和解交渉では、侵害の有無を争わず、一定の和解金を支払うことで紛争を終結させることもあります。過去の侵害についての補償と、今後の使用についての取り決めを含めた包括的な解決を図ります。

交渉を行う場合、自社の事業継続の必要性、代替手段の有無、訴訟になった場合のリスクとコストなどを総合的に考慮して、妥当な条件を見極めることが重要です。


まとめ:警告書対応は「初動」と「判断の切り分け」が重要

警告書への対応で最も重要なのは、初動の正確さと、自己判断できることと専門家に委ねるべきことの切り分けです。

初動で行うべきこと:

  • 冷静に警告書の内容を確認する
  • 回答期限、権利の有効性など、基本的な事実を確認する
  • 社内で関連資料を整理し、情報管理を適切に行う
  • 不用意な対応(感情的な返答、謝罪、SNS発信など)を避ける

専門家に委ねるべきこと:

  • 侵害の成否についての法的判断
  • 回答書や反論書の作成
  • 無効審判の可能性についての検討
  • ライセンス交渉や訴訟対応の戦略立案

警告書は、適切に対応すれば大きな問題に発展せずに解決できることも多くあります。逆に、初動を誤ると、本来避けられたはずの訴訟や損害賠償に直面することになります。

一人で抱え込まず、適切なタイミングで専門家に相談を

知的財産権の問題は専門性が高く、一般の事業者が独力で適切に判断することは困難です。警告書を受け取ったら、できるだけ早く弁護士や弁理士などの専門家に相談することをお勧めします。

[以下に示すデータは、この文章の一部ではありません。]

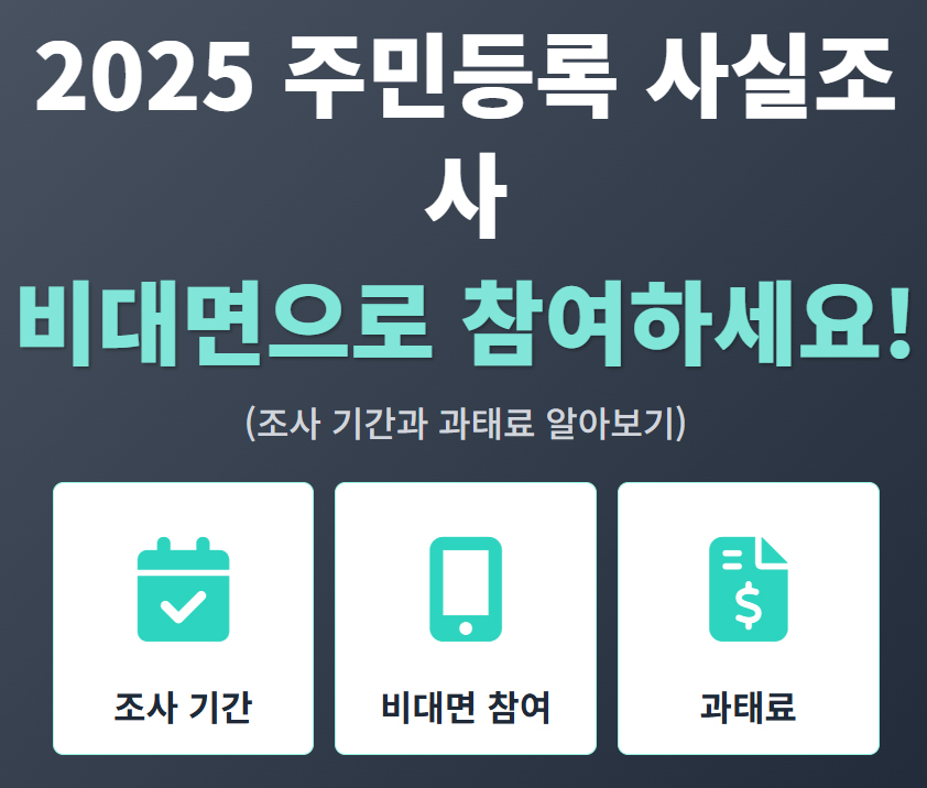 매년 이맘때쯤이면 찾아오는 주민등록 사실조사, 올해도 어김없이 시작되었습니다. '나 하나쯤이야' 하고 넘기기엔 우리 생활과 너무나 밀접하게 연관되어 있는데요. 사실 이 조사는 복지, 세금, 선거 등 국가 운영의 가장 기초가 되는 데이터를 정확하게 유지하기 위한 중요한 절차입니다. 특히 올해는 비대면 조사가 더욱 편리해졌고, 과태료를 피할 수 있는 좋은 기회도 있으니 꼭 주목해주세요.

早期の相談は、問題解決のための時間と選択肢を確保することにつながります。また、専門家のサポートを受けることで、精神的な負担も軽減されます。

警告書対応は、適切な知識と冷静な判断、そして専門家との協力によって、最善の結果を導くことができます。この記事が、警告書を受け取った方の初動対応の一助となれば幸いです。